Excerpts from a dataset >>
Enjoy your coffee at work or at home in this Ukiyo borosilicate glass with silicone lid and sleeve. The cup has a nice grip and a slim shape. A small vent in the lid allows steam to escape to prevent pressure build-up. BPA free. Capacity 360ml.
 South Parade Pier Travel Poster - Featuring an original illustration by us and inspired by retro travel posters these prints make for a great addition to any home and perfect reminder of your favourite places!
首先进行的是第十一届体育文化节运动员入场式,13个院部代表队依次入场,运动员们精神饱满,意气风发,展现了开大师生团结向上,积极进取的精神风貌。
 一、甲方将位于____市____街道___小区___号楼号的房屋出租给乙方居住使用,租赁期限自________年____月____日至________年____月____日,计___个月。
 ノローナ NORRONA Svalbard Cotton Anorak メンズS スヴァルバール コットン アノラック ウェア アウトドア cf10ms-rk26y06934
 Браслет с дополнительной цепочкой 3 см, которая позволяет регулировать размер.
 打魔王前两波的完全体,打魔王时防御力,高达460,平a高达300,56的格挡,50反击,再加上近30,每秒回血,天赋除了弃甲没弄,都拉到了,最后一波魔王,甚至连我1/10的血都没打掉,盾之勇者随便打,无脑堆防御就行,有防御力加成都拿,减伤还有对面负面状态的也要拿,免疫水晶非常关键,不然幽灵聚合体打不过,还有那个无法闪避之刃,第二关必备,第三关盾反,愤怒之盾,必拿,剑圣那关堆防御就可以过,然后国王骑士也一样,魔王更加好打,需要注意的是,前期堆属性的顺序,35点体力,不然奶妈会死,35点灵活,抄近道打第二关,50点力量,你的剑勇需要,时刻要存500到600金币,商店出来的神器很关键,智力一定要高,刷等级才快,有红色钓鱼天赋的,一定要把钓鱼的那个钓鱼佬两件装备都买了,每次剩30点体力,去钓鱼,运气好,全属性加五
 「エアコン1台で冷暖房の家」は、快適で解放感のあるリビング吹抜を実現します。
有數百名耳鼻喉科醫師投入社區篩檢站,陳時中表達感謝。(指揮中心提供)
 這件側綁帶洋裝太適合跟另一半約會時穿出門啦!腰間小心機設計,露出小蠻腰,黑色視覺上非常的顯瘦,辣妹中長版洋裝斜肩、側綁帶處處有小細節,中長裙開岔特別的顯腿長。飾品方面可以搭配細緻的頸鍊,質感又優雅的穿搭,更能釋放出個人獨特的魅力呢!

BRIEF >> Collect each line of the entries that has the word "home", copying it in full.

SOLUTION TO THE EXERCISE >>
Enjoy your coffee at work or at home in this Ukiyo borosilicate glass with silicone lid and sleeve. The cup has a nice grip and a slim shape. A small vent in the lid allows steam to escape to prevent pressure build-up. BPA free. Capacity 360ml.
 South Parade Pier Travel Poster - Featuring an original illustration by us and inspired by retro travel posters these prints make for a great addition to any home and perfect reminder of your favourite places!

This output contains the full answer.